*WHAT NEEDS TO BE DONE*:
Everything below from the line with "写真は,子どもたちがGIGA端末「えにっき」アプリで書いた画面です。" through the line with "Erkan Saçmacı Kahverengi" should be copied exactly, and nothing else; leave out the pictures.

*DATA LISTING*:
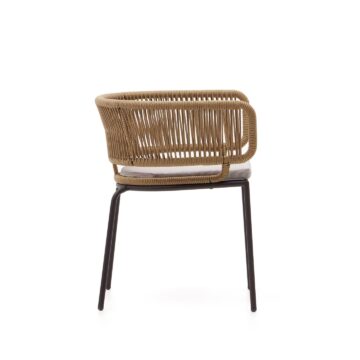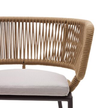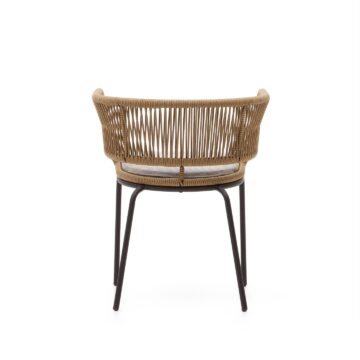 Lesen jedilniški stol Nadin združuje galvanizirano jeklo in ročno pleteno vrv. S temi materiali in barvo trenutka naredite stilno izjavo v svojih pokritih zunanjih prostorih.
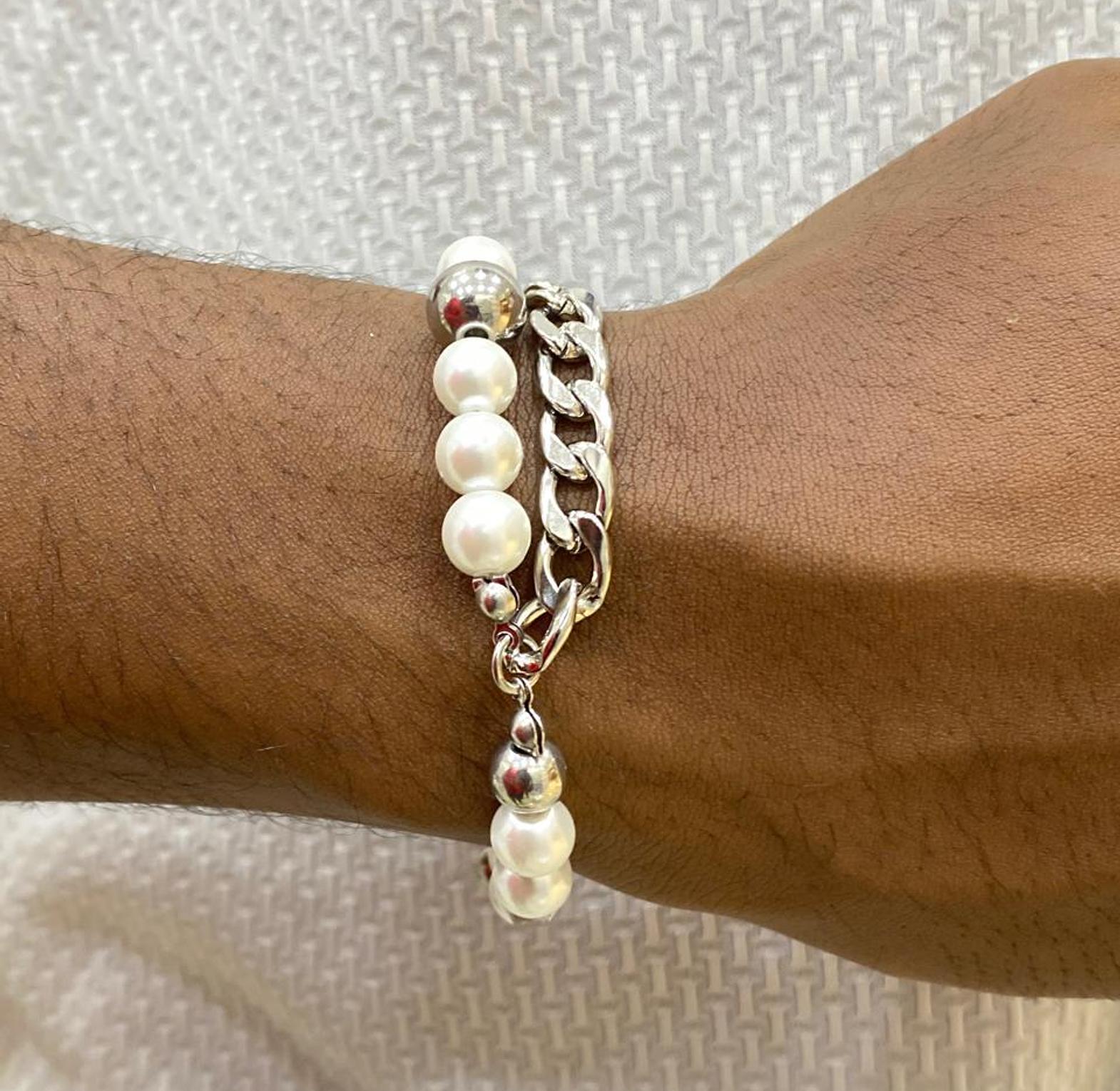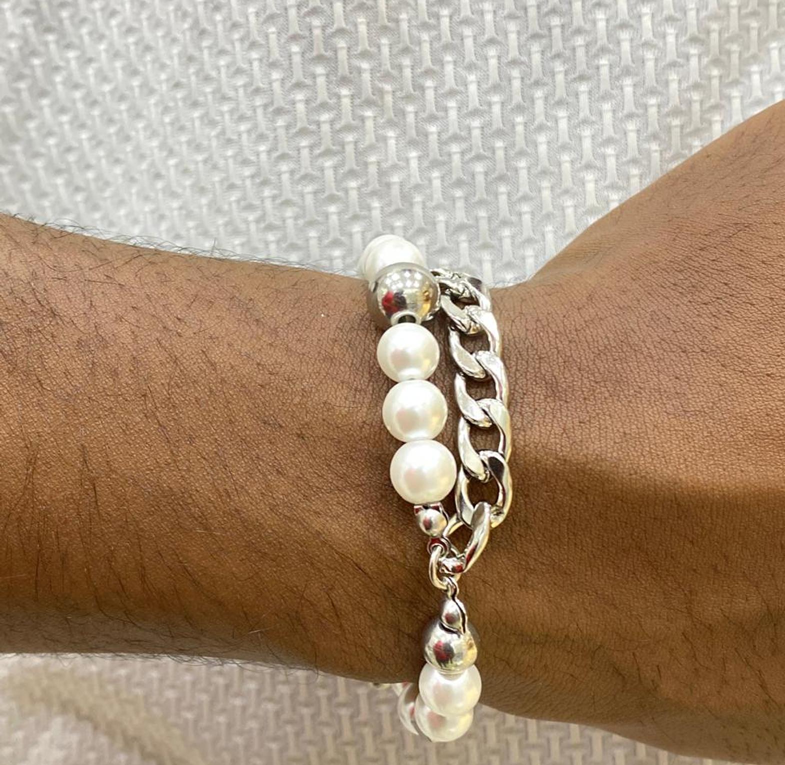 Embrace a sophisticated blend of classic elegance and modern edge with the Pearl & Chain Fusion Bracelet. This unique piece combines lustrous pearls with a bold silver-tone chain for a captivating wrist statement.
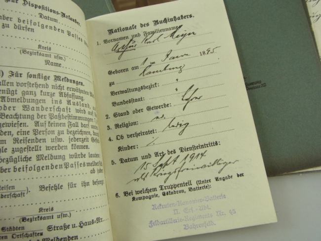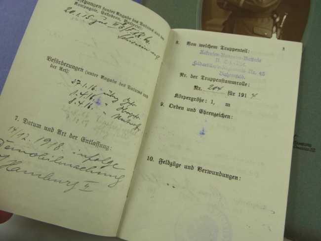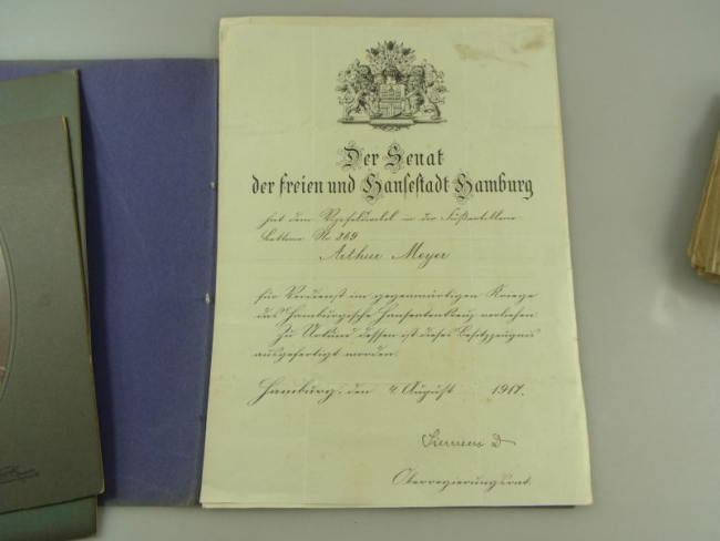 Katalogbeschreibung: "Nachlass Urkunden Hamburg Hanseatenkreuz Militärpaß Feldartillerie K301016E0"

...

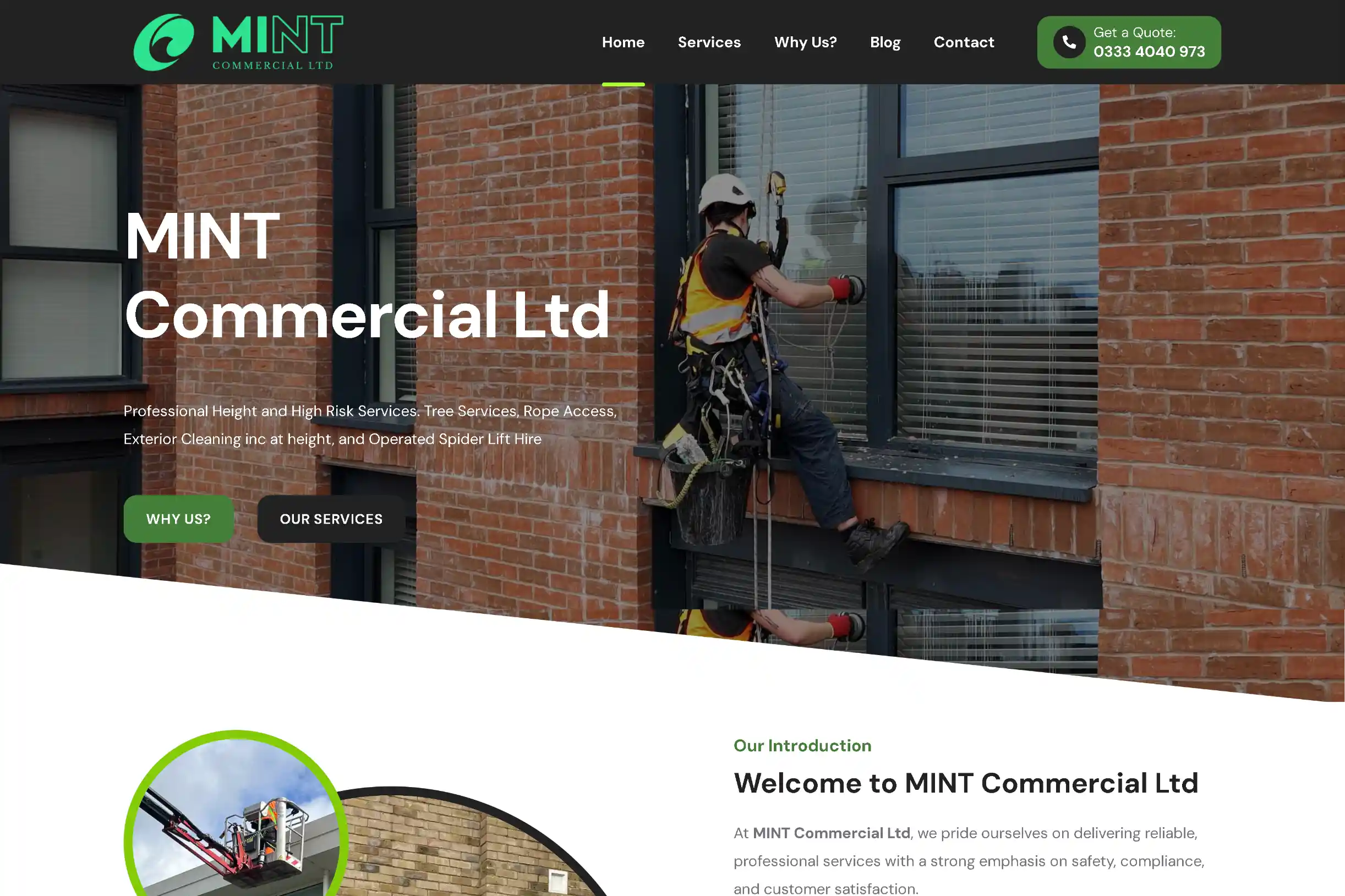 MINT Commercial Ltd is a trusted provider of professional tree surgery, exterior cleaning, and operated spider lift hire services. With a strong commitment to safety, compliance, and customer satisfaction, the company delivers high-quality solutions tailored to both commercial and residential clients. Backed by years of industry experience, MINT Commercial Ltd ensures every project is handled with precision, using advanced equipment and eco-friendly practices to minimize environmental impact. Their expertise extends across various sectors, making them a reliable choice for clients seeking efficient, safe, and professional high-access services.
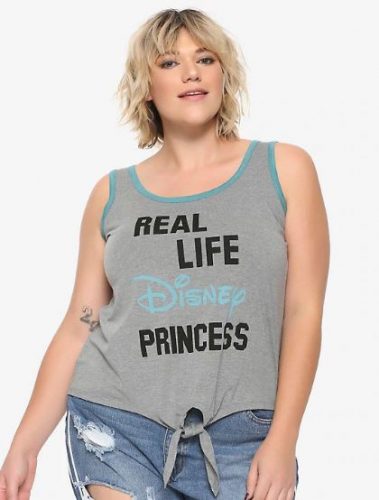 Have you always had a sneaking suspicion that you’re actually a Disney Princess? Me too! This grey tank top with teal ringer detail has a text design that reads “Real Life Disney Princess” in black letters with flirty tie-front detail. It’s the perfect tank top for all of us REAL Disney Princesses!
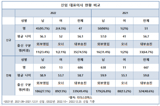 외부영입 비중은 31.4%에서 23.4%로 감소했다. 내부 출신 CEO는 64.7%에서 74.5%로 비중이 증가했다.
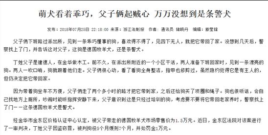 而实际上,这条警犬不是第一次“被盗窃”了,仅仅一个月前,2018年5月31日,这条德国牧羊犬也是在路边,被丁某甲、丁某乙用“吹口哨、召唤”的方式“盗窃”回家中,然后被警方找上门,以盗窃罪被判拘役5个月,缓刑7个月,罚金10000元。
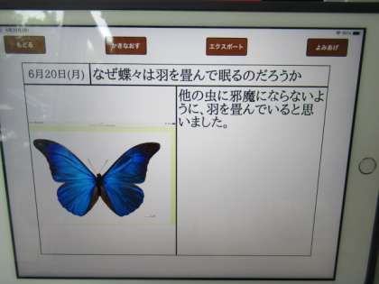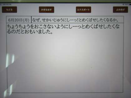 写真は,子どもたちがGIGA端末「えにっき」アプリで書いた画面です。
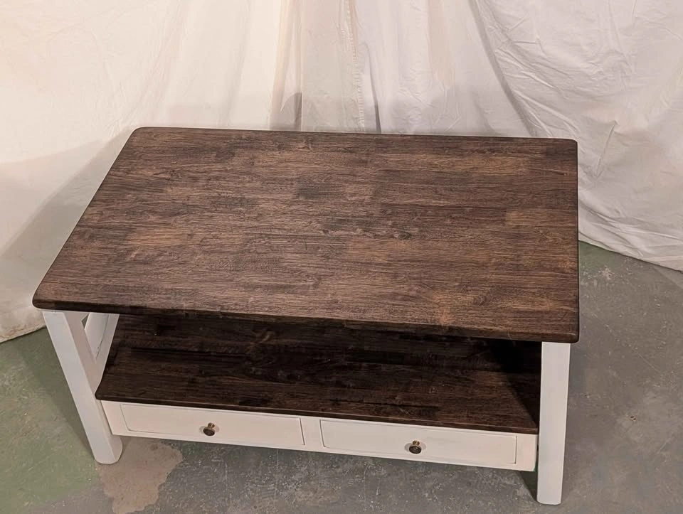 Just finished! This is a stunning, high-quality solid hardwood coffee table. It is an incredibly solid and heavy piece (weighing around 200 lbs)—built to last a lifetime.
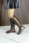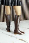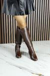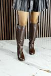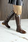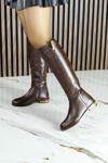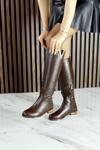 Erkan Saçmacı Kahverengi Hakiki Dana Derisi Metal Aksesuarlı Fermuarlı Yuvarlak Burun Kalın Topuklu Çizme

*REPLY*:
 写真は,子どもたちがGIGA端末「えにっき」アプリで書いた画面です。
 Just finished! This is a stunning, high-quality solid hardwood coffee table. It is an incredibly solid and heavy piece (weighing around 200 lbs)—built to last a lifetime.
 Erkan Saçmacı Kahverengi Hakiki Dana Derisi Metal Aksesuarlı Fermuarlı Yuvarlak Burun Kalın Topuklu Çizme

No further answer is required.